-
Type:
Task
-
Resolution: Unresolved
-
Priority:
Major - P3
-
None
-
Affects Version/s: None
-
Component/s: None
-
None
-
Query Execution
-
None
-
None
-
None
-
None
-
None
-
None
-
None
Context
On a sharded cluster the SBE/Express primary returns kNotHandled when the post-image no longer lives
on the shard observing the update — caused by moveChunk, moveCollection, reshardCollection, etc.
PrimaryWithFallback then calls the Aggregation fallback. This is the genuine production trigger for
the aggregation cell and the only place the primary->fallback handoff is observable; it cannot be
reached on a replset (the replset metrics test exercises the Aggregation executor via the flag-off
path, but not the transition).
Scope
Test-only (the executor wiring is done in the per-engine tickets). A dedicated test with its own
ShardingTest that controls placement and asserts metric deltas after each DDL op.
Acceptance / test matrix
New jstests/sharding/query/change_streams/change_stream_metrics_update_lookup_fallback.js. For each of
moveChunk, moveCollection, reshardCollection (and any op that relocates the post-image or changes the
UUID): place a doc, open a collection change stream, perform the op so the post-image becomes remote
or the UUID changes, update the doc, then assert — summed across shards via
FixtureHelpers.mapOnEachShardNode (mongos exposes no per-process metrics; the split_large_event.js
pattern):
- updateLookup.sbe.notHandled +1 (primary declined), and
- updateLookup.aggregation.found +1 (fallback handled it).
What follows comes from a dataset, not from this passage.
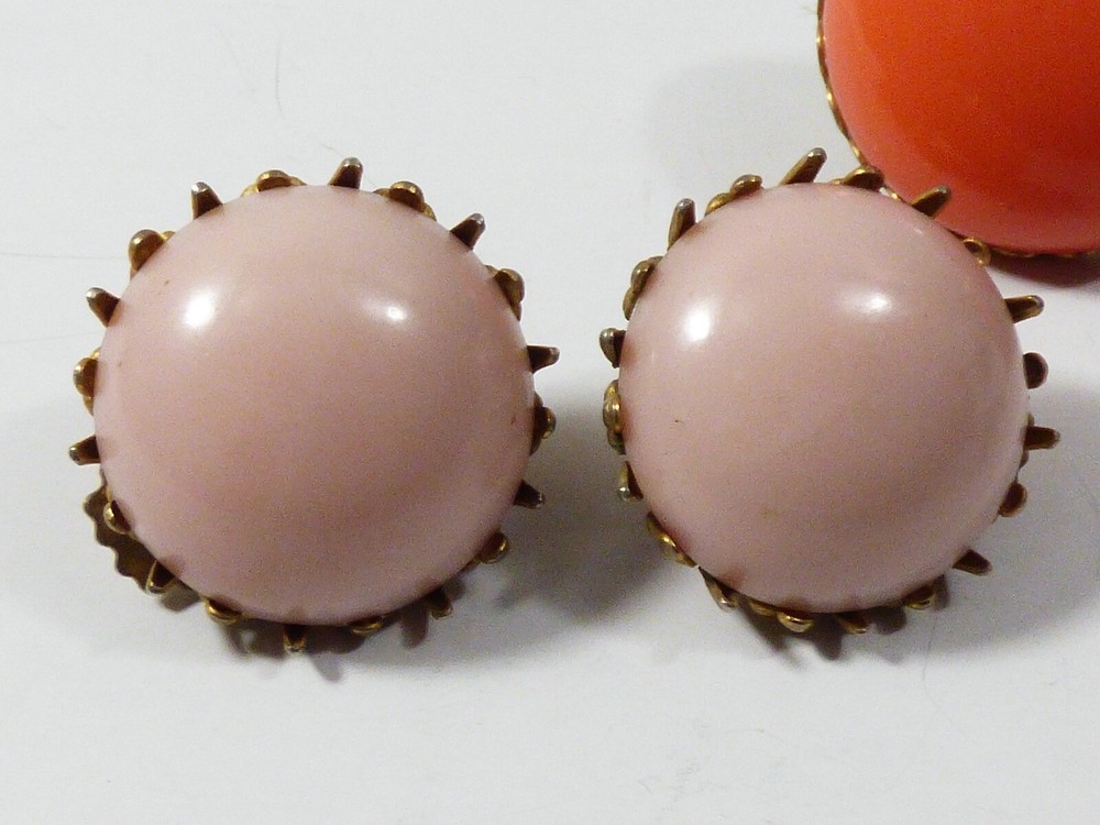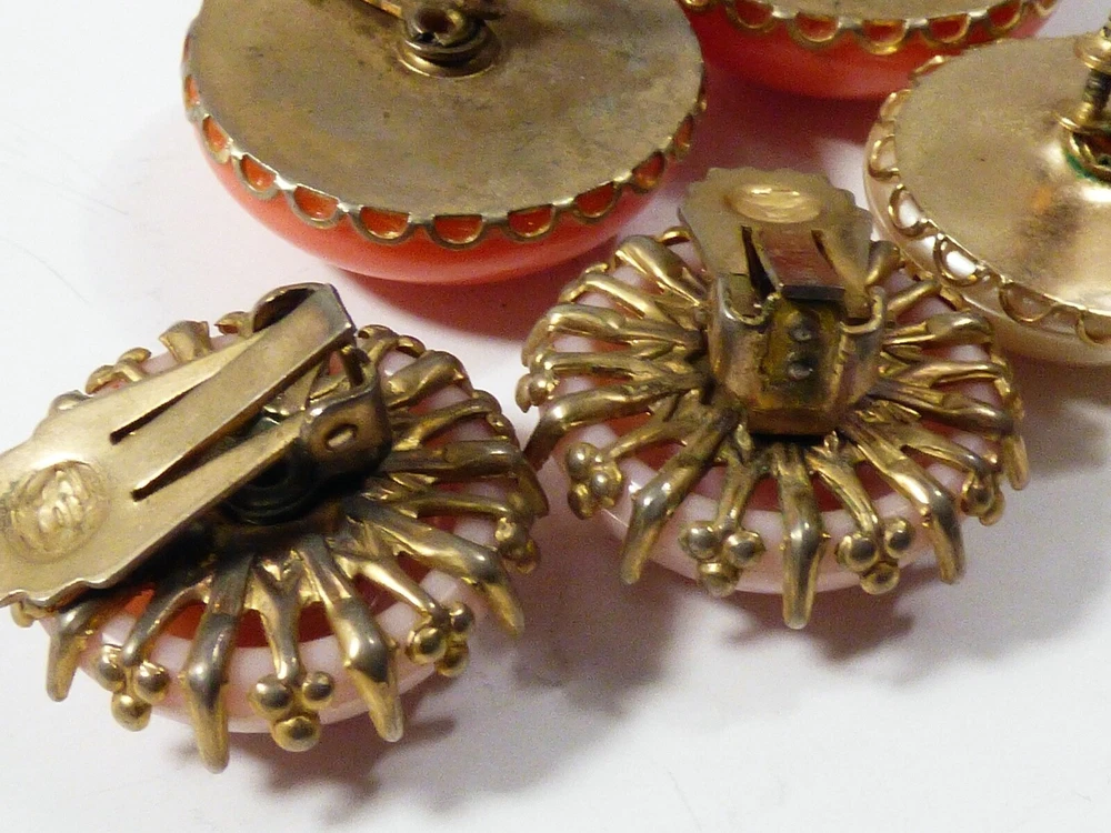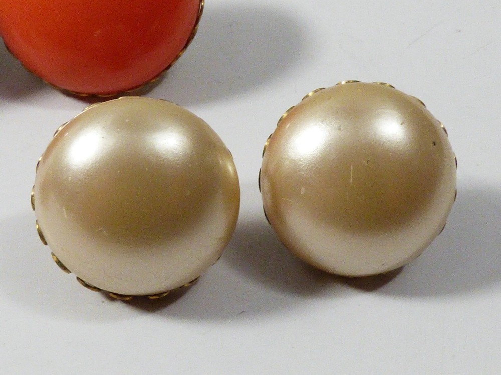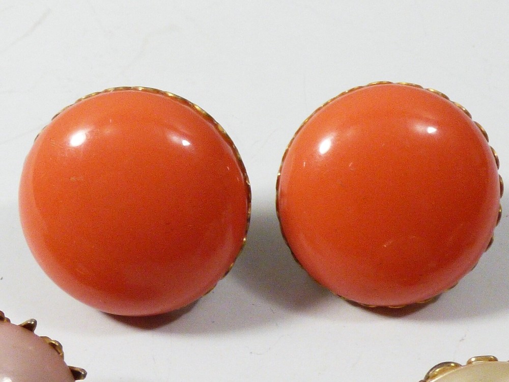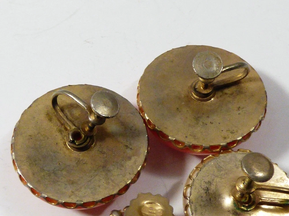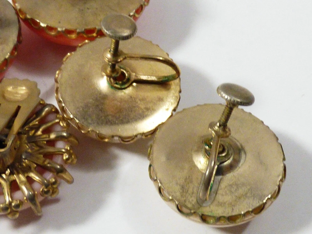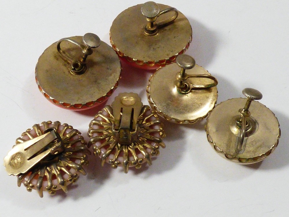 THIS IS A LOT OF 3 PAIRS OF VINTAGE, MID CENTURY, RETRO, GOLD TONE METAL CLIP ON EARRINGS MEASURES APPROX. FROM 1 1/4" TO 7/8" IN DIAMETER GOOD VINTAGE CONDITION, WITH WEAR, DISCOLORATION ON THE BACK, AS PICTURED. PLEASE SEE PICTURES FOR DETAILS AND E-MAIL YOUR QUESTIONS.

Also assert the deleted/absent post-image case routes to aggregation.notFound.
Dependencies
Depends on the Aggregation and SBE wiring tickets — both must be wired before the handoff is
observable in metrics.
Notes
Heavier on cluster/DDL orchestration than metric plumbing; good once comfortable with ShardingTest and
change-stream sharding behaviour.